Tuesday, March 25, 2008

Hillary and Bill Need to Be Transparent

Hillary Clinton represents a rather unique situation in American politics. First, of course, is the fact that she is a former first lady. Now she's very capable and if she had found a way to run a campaign without referring to Bill Clinton's eight years in office, she might have been able to deflect any number of questions that obviously bring Bill Clinton into the equation. But she has run on her experience and that experience includes her eight years as first lady. She leaves the distinct impression that she was intimately involved in many of Bill Clinton's decisions during those eight years. I don't buy her commander-in-chief argument but certainly she was involved in other decisions. One has to assume the situation will be somewhat similar if Hillary becomes president; Bill Clinton will surely offer whatever advice he can. Bill Clinton is therefore an issue.

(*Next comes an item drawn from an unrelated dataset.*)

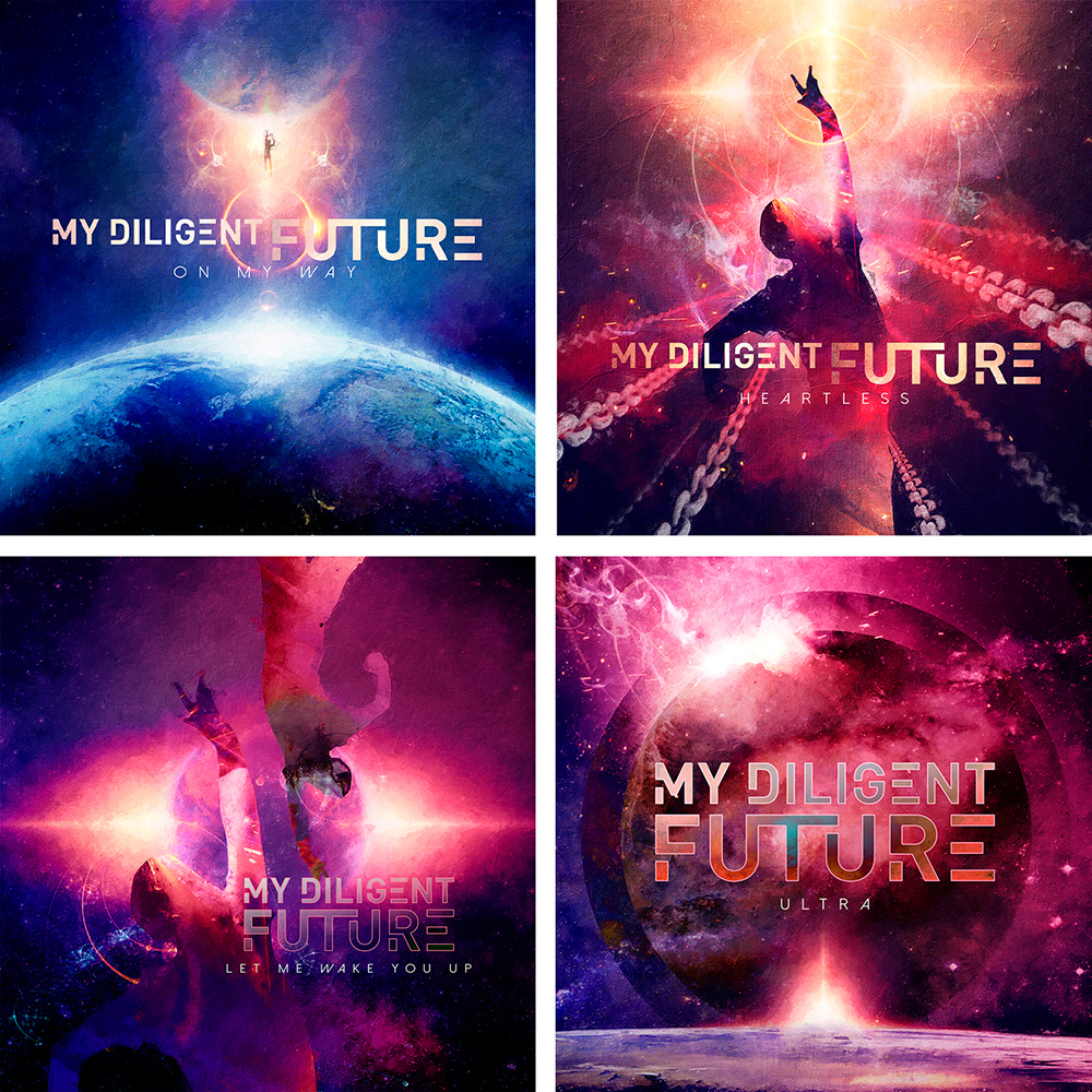 Here are the cover artworks I did for modern metal act MY DILIGENT FUTURE (Sweden) new album "Chasing The Heavens" and digital singles.

In 2002, Hillary Clinton voted for the Iraq bill, thereby effectively authorizing the war (even if one can argue that was not the full intent of the legislation). In Hillary's case, I always had a question and it was a question that out of respect for the Clintons made me hesitate despite the many contradictions and falsehoods that were put out by the Bush Administration that were obvious at the time. What made me hesitate was a small article somewhere that suggested Bill Clinton had had conversations with Tony Blair and had suggested to Blair that he be patient with George W. Bush. The distinct impression I had was that Clinton was not exactly against the war. Given the ability of the Clintons to spin, I'm sure they can tell a perfectly plausible story of what that was about. But Hillary took a long time to catch up to public opinion on Iraq. Was it because of Bill? I wish we had more transparency on just this one issue alone. Clearly, for the first three years Hillary did an effective job of backing Bush on the strategic aspect of the war in Iraq even if sometimes she was critical of tactical decisions and sometimes questioned the competence of Bush's top officials.

Then there's the income tax problem. Bill and Hillary have not exactly been forthcoming on how much money they have been taking from various people. This matters. Ever since Ronald Reagan took $2 million from Sony after leaving office, the flow of money to former presidents has raised a wide range of issues. The senior Bush, after leaving office, also took huge amounts of money from various sources including the bizarre Rev. Moon. There has been a tendency to look the other way since former presidents are supposedly not directly involved in politics. It's an odd informal rule imposed by the media despite the fact that former presidents have indeed involved themselves in politics. And now we have a former president who may potentially return to the White House with his wife as president.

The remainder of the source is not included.